• **Task item**
If pictures appear in the lines below, skip them and copy exactly the lines from the one containing "Take off towards" through the one containing "Nuestra APP cuenta", and nothing else.

• **Recorded information**
-------
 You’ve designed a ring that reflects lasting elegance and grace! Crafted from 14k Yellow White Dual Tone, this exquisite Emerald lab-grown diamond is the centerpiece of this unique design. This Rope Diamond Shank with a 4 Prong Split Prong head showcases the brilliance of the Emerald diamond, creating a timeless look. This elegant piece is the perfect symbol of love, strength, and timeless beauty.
-------
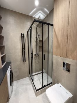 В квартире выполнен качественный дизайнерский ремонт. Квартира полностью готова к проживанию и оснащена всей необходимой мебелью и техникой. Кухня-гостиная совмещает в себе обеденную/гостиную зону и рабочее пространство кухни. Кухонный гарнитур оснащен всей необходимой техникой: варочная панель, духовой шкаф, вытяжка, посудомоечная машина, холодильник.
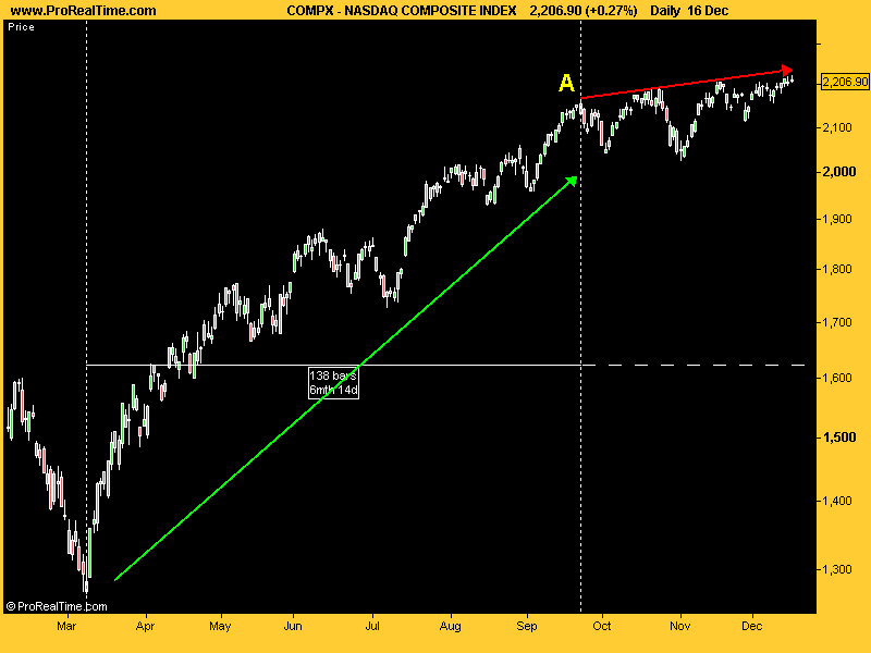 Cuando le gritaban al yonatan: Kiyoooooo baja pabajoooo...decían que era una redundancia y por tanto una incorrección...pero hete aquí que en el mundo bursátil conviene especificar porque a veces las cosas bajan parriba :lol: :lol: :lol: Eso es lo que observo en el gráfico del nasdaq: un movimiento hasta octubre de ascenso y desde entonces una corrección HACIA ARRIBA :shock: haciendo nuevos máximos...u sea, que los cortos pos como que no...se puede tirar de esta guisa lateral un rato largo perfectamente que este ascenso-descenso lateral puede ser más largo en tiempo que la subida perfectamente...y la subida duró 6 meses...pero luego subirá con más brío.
-------
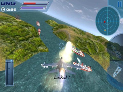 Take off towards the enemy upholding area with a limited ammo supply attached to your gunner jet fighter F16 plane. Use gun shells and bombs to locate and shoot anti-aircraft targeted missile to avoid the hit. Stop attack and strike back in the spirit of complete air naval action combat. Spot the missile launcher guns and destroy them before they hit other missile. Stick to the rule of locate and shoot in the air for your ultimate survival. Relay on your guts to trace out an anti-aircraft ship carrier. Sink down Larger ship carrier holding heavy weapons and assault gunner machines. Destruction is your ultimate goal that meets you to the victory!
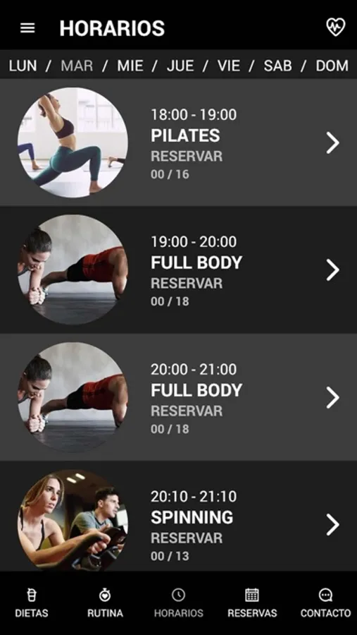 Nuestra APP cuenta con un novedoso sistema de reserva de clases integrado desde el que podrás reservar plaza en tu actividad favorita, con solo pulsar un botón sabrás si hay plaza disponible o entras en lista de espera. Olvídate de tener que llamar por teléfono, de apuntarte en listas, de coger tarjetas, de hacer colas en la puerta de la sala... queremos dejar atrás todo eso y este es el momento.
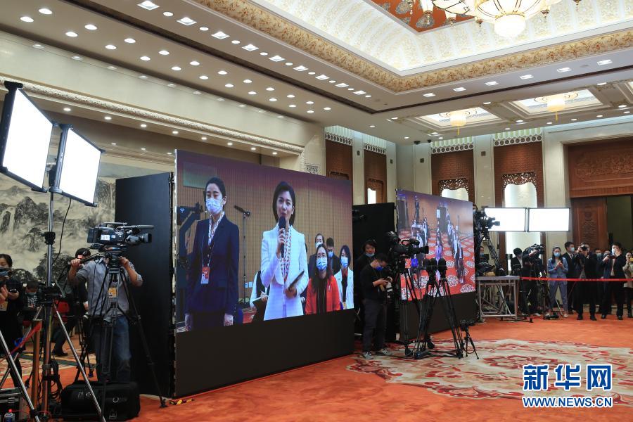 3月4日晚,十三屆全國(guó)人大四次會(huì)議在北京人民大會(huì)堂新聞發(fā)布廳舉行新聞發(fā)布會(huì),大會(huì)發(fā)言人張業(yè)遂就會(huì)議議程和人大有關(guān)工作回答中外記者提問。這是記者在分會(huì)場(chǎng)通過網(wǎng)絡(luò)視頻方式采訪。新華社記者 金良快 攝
-------
• **Task answer**
 Take off towards the enemy upholding area with a limited ammo supply attached to your gunner jet fighter F16 plane. Use gun shells and bombs to locate and shoot anti-aircraft targeted missile to avoid the hit. Stop attack and strike back in the spirit of complete air naval action combat. Spot the missile launcher guns and destroy them before they hit other missile. Stick to the rule of locate and shoot in the air for your ultimate survival. Relay on your guts to trace out an anti-aircraft ship carrier. Sink down Larger ship carrier holding heavy weapons and assault gunner machines. Destruction is your ultimate goal that meets you to the victory!
 Nuestra APP cuenta con un novedoso sistema de reserva de clases integrado desde el que podrás reservar plaza en tu actividad favorita, con solo pulsar un botón sabrás si hay plaza disponible o entras en lista de espera. Olvídate de tener que llamar por teléfono, de apuntarte en listas, de coger tarjetas, de hacer colas en la puerta de la sala... queremos dejar atrás todo eso y este es el momento.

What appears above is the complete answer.